■ **Records from a collection**:
* * *
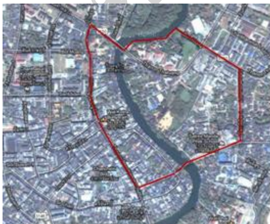
รูปที่ 1 ชุมชนท่าหลวง จังหวัดจันทบุรี

เป็นการวิจัยเชิงประยุกต์ ความหมายการพัฒนาชนบทของการวิจัยนี้คือ การออกแบบวางผังชุมชนชนบท และกำหนดแผนการพัฒนาชุมชน สํารวจสัมภาษณ์ วิเคราะห์ ออกแบบ และ นำเสนอ โดยใช้กระบวนการมีส่วนร่วมจากชุมชนทุก ภายใต้งานตอนการศึกษา ดังต่อไปนี้ 1) ศึกษาบริบทชุมชน หรือสภาพทั่วไปของชุมชน 2) วิเคราะห์ แผนพัฒนาชุมชน/ยุทธศาสตร์จังหวัด/ยุทธศาสตร์ประเทศ เครือข่าย ภาค ประชาชน กำลังเคลื่อนไปสู่ 3) ศึกษากลุ่มชาติพันธุ์ ประวัติความเป็นมาชุมชน สัญลักษณ์ชุมชน อาชีพ ความเชี่ยวชาญ ประสิทธิภาพการพัฒนา 4) สํารวจ และ ทำแบบสอบถามเรื่องทัศนคติ / แนวคิด / พฤติกรรมการทำงาน ร่วมกับในชุมชน 5) กำหนดการใช้ประโยชน์ที่ดิน โดยการแบ่งโซน พักอาศัย โซนพาณิชยกรรม ส่วนสาธารณะ ส่วนราชการ รวมถึง ระบบคมนาคม การเข้าถึงพื้นที่ 6) ออกแบบสถาปัตยกรรม และวางผังชุมชนให้ สอดคล้องกับหลักสิทธิชุมชน ให้ชุมชนเป็นศูนย์กลางการพัฒนา นำเสนอแนวคิดการพัฒนาอย่างยั่งยืน ได้แก่ การอนุรักษ์ การฟื้นฟู การสืบทอด รวมถึง การพัฒนาเชิงระบบ และการพัฒนาแบบองค์รวม
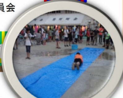
昨年、2日目は雨。なんと！急拵えのウォータースライダーが登場！！
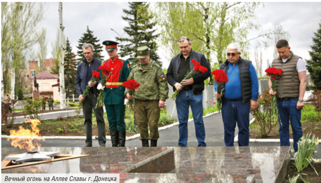
Вечный огонь на Аллее Славы г. Донецка
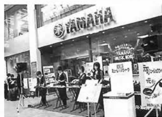
元町商店街にさわやかなメロディが響く

元町界隈の店舗、ストリート、ホール、カフェで音楽の楽しさ、感動をもっと身近な暮らしの中で体験してほしいと企画された、「神戸元町ミュージックウィーク」。1998年に、産声をあげてから今年で7回目を迎える。10月9日から17日まで開催された今回は、過去最大の規模の開催となった。ストリート・コンサートでは、公募により100グループ以上が参加。台風の影響で一部変更があったが、ショッピング客を大いに楽しませた。 また、10月15日には、神戸 松方ホールで「アントニオ・ガウディ幻想」と
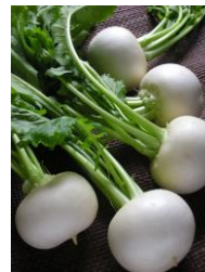
作品（カブ インゲン豆）
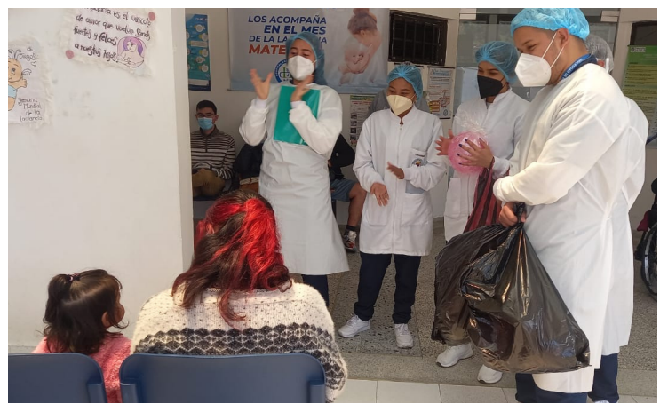
Día de la Niñez, Hospital San Juan de Dios
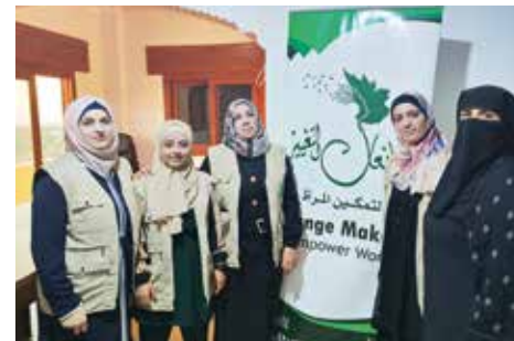
Die Change Maker nehmen ihr Motto so ernst, dass es Teil ihres Logos wurde: Empower Women.

Gemeinsam machen sich die Aktivistinnen von Change Makers gegen geschlechtsspezifische Gewalt und Diskriminierung stark. Gleiche Rechte für Männer und Frauen ist ihr Ziel. Angesichts der vielen weiblichen Binnenvertriebenen und Obdachlosen infolge des Erdbebens leistet das Team mittlerweile speziell feministische Nothilfe. Mehr als 800 betroffene Familien, das sind mehrere tausend Menschen, haben die Change Makers bereits versorgt. Neben humanitären Hilfsgütern verteilen sie auch Seife und Desinfektionsmittel an die bedürftigen Frauen. Denn neben diversen Viruserkrankungen wie Corona kämpfen die Bewohner*innen in den Norcamps mit Cholera und Parasiten wie Kopfläusen.
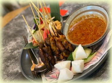
～ マレーシアの焼き鳥 ～
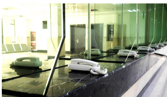
会见室内的电话供戒毒人员和亲友通话
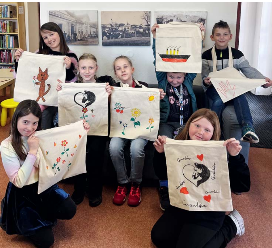
Vlastnoručně vyzdobené tašky. Inspirace? Planeta Země.
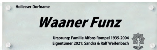
Beispiel der Schilderaktion

teausschuss hat viel recherchiert um alte Dorfnamen lebendig werden zu lassen. Um dies nach außen zu tragen, werden in den nächsten Wochen Schilder, sowohl mit den ursprünglichen Dorfnamen als auch den Namen der jetzigen Bewohner an den Häusern und an den Sehenswürdigkeiten angebracht. Eine Besonderheit von Lindenholzhausen wird so sichtbar fortgeführt und bleibt lange für viele Menschen erhalten.
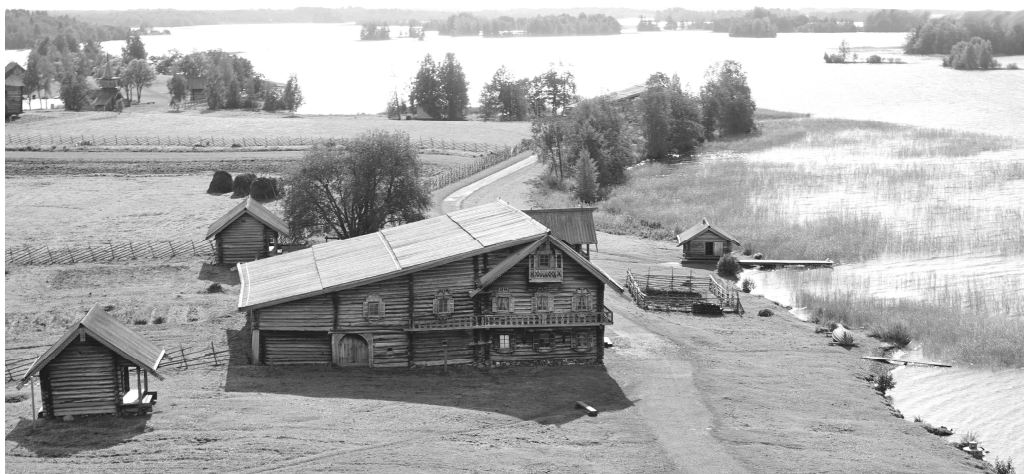
Ryc. 10. Kiży, zagroda z 1876 r. przeniesiona ze wsi Oszewniewo w 1951 r. (fot. J. Kurek, 2016)

Fig. 9. Kizhy, historic orthodox church ensemble Kizhi Pogost , (photo by J. Kurek, 2016)
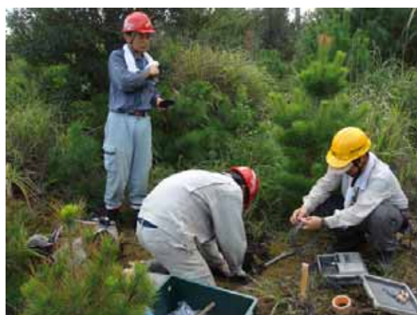
写真4 地震計設置風景
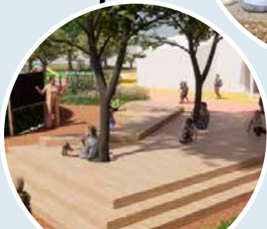
ÉCOLE DU MOULIN À VENT TRAVAUX PRÉVUS ÉTÉ 2025
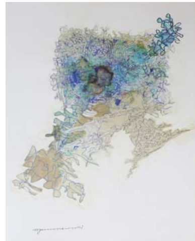
Witold Januszewski, Collection privée
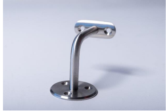
SUPORE PAREDE TUBO Ø 42 - 48 INOX 304
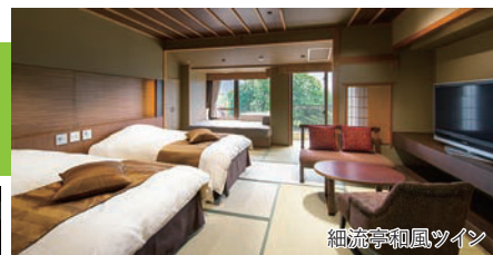
細流亭和風ツイン
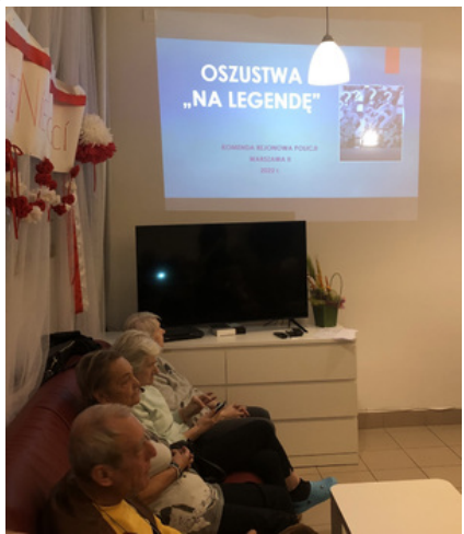
Policjantki prowadzą zajęcia z seniorami
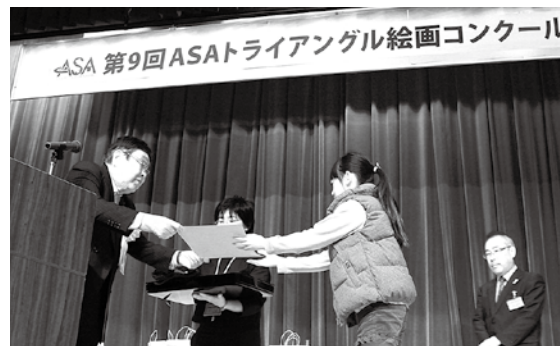
▲表彰式が11月3日、イングランドの丘で催されました
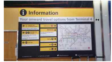
심플한 정보안내 게시판
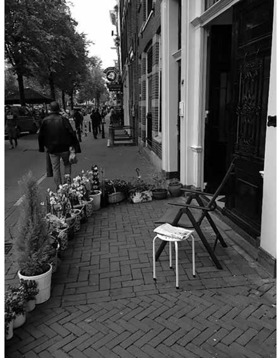
Figuur 2 Tactiek om de publieke ruimte toe te eigenen

Een andere bewoner ervaart het probleem van de drukte in een handeling die voor Amsterdammers centraal staat in hun alledaagse leven: fietsen. Hij vertelt dat de binnenstad steeds autoluwer wordt, waardoor toeristen de stad als voetgangersgebied beleven: "Het straalt een toegankelijke sfeer uit en tegelijkertijd zorgt het ook voor een specifiek soort drukte: mensenmassa's die allemaal weer even verbaasd zijn dat je met de fiets er doorheen wilt" (bewoner, 28 oktober 2014). Tijdens de zomermaanden van 2010 en 2011 ontwikkelt deze bewoner een creatieve tactiek om in de massa te manoeuvreren: "Een fluitje had ik dan om
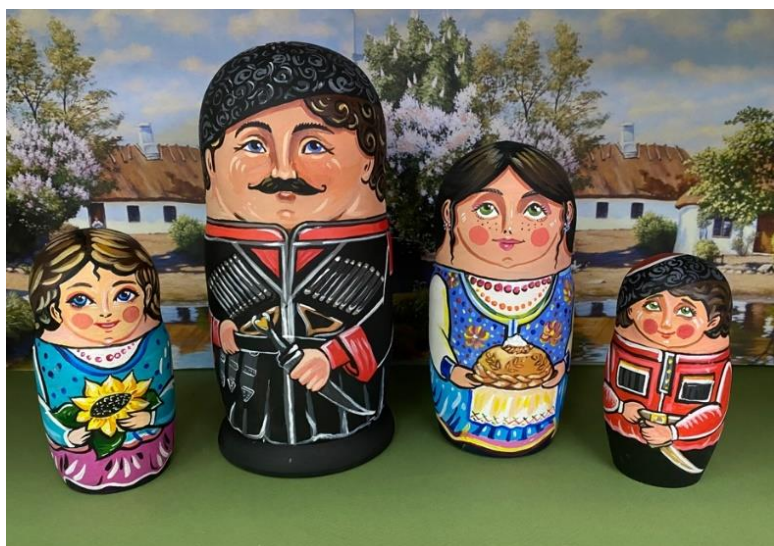
Рис. 3. Матрешки «Казачья семья»

20 век. Отец, современный казак с кинжалом. Костюм казака включал в себя папаху, черкеску (кафтан), бешмет (верхняя одежда), башлык (длинный капюшон на завязках), шаровары с лампасами и сапоги. Кинжал был элементом формы всех казаков. Свой первый кинжал казак получал в подарок в возрасте 3-5 лет. С этого момента кинжал становился его постоянным спутником до самой смерти.
* * *
■ **Action item**: All of the records above are to be written out exactly, minus their images.

■ **Task answer**:
รูปที่ 1 ชุมชนท่าหลวง จังหวัดจันทบุรี

เป็นการวิจัยเชิงประยุกต์ ความหมายการพัฒนาชนบทของการวิจัยนี้คือ การออกแบบวางผังชุมชนชนบท และกำหนดแผนการพัฒนาชุมชน สํารวจสัมภาษณ์ วิเคราะห์ ออกแบบ และ นำเสนอ โดยใช้กระบวนการมีส่วนร่วมจากชุมชนทุก ภายใต้งานตอนการศึกษา ดังต่อไปนี้ 1) ศึกษาบริบทชุมชน หรือสภาพทั่วไปของชุมชน 2) วิเคราะห์ แผนพัฒนาชุมชน/ยุทธศาสตร์จังหวัด/ยุทธศาสตร์ประเทศ เครือข่าย ภาค ประชาชน กำลังเคลื่อนไปสู่ 3) ศึกษากลุ่มชาติพันธุ์ ประวัติความเป็นมาชุมชน สัญลักษณ์ชุมชน อาชีพ ความเชี่ยวชาญ ประสิทธิภาพการพัฒนา 4) สํารวจ และ ทำแบบสอบถามเรื่องทัศนคติ / แนวคิด / พฤติกรรมการทำงาน ร่วมกับในชุมชน 5) กำหนดการใช้ประโยชน์ที่ดิน โดยการแบ่งโซน พักอาศัย โซนพาณิชยกรรม ส่วนสาธารณะ ส่วนราชการ รวมถึง ระบบคมนาคม การเข้าถึงพื้นที่ 6) ออกแบบสถาปัตยกรรม และวางผังชุมชนให้ สอดคล้องกับหลักสิทธิชุมชน ให้ชุมชนเป็นศูนย์กลางการพัฒนา นำเสนอแนวคิดการพัฒนาอย่างยั่งยืน ได้แก่ การอนุรักษ์ การฟื้นฟู การสืบทอด รวมถึง การพัฒนาเชิงระบบ และการพัฒนาแบบองค์รวม
昨年、2日目は雨。なんと！急拵えのウォータースライダーが登場！！
Вечный огонь на Аллее Славы г. Донецка
元町商店街にさわやかなメロディが響く

元町界隈の店舗、ストリート、ホール、カフェで音楽の楽しさ、感動をもっと身近な暮らしの中で体験してほしいと企画された、「神戸元町ミュージックウィーク」。1998年に、産声をあげてから今年で7回目を迎える。10月9日から17日まで開催された今回は、過去最大の規模の開催となった。ストリート・コンサートでは、公募により100グループ以上が参加。台風の影響で一部変更があったが、ショッピング客を大いに楽しませた。 また、10月15日には、神戸 松方ホールで「アントニオ・ガウディ幻想」と
作品（カブ インゲン豆）
Día de la Niñez, Hospital San Juan de Dios
Die Change Maker nehmen ihr Motto so ernst, dass es Teil ihres Logos wurde: Empower Women.

Gemeinsam machen sich die Aktivistinnen von Change Makers gegen geschlechtsspezifische Gewalt und Diskriminierung stark. Gleiche Rechte für Männer und Frauen ist ihr Ziel. Angesichts der vielen weiblichen Binnenvertriebenen und Obdachlosen infolge des Erdbebens leistet das Team mittlerweile speziell feministische Nothilfe. Mehr als 800 betroffene Familien, das sind mehrere tausend Menschen, haben die Change Makers bereits versorgt. Neben humanitären Hilfsgütern verteilen sie auch Seife und Desinfektionsmittel an die bedürftigen Frauen. Denn neben diversen Viruserkrankungen wie Corona kämpfen die Bewohner*innen in den Norcamps mit Cholera und Parasiten wie Kopfläusen.
～ マレーシアの焼き鳥 ～
会见室内的电话供戒毒人员和亲友通话
Vlastnoručně vyzdobené tašky. Inspirace? Planeta Země.
Beispiel der Schilderaktion

teausschuss hat viel recherchiert um alte Dorfnamen lebendig werden zu lassen. Um dies nach außen zu tragen, werden in den nächsten Wochen Schilder, sowohl mit den ursprünglichen Dorfnamen als auch den Namen der jetzigen Bewohner an den Häusern und an den Sehenswürdigkeiten angebracht. Eine Besonderheit von Lindenholzhausen wird so sichtbar fortgeführt und bleibt lange für viele Menschen erhalten.
Ryc. 10. Kiży, zagroda z 1876 r. przeniesiona ze wsi Oszewniewo w 1951 r. (fot. J. Kurek, 2016)

Fig. 9. Kizhy, historic orthodox church ensemble Kizhi Pogost , (photo by J. Kurek, 2016)
写真4 地震計設置風景
ÉCOLE DU MOULIN À VENT TRAVAUX PRÉVUS ÉTÉ 2025
Witold Januszewski, Collection privée
SUPORE PAREDE TUBO Ø 42 - 48 INOX 304
細流亭和風ツイン
Policjantki prowadzą zajęcia z seniorami
▲表彰式が11月3日、イングランドの丘で催されました
심플한 정보안내 게시판
Figuur 2 Tactiek om de publieke ruimte toe te eigenen

Een andere bewoner ervaart het probleem van de drukte in een handeling die voor Amsterdammers centraal staat in hun alledaagse leven: fietsen. Hij vertelt dat de binnenstad steeds autoluwer wordt, waardoor toeristen de stad als voetgangersgebied beleven: "Het straalt een toegankelijke sfeer uit en tegelijkertijd zorgt het ook voor een specifiek soort drukte: mensenmassa's die allemaal weer even verbaasd zijn dat je met de fiets er doorheen wilt" (bewoner, 28 oktober 2014). Tijdens de zomermaanden van 2010 en 2011 ontwikkelt deze bewoner een creatieve tactiek om in de massa te manoeuvreren: "Een fluitje had ik dan om
Рис. 3. Матрешки «Казачья семья»

20 век. Отец, современный казак с кинжалом. Костюм казака включал в себя папаху, черкеску (кафтан), бешмет (верхняя одежда), башлык (длинный капюшон на завязках), шаровары с лампасами и сапоги. Кинжал был элементом формы всех казаков. Свой первый кинжал казак получал в подарок в возрасте 3-5 лет. С этого момента кинжал становился его постоянным спутником до самой смерти.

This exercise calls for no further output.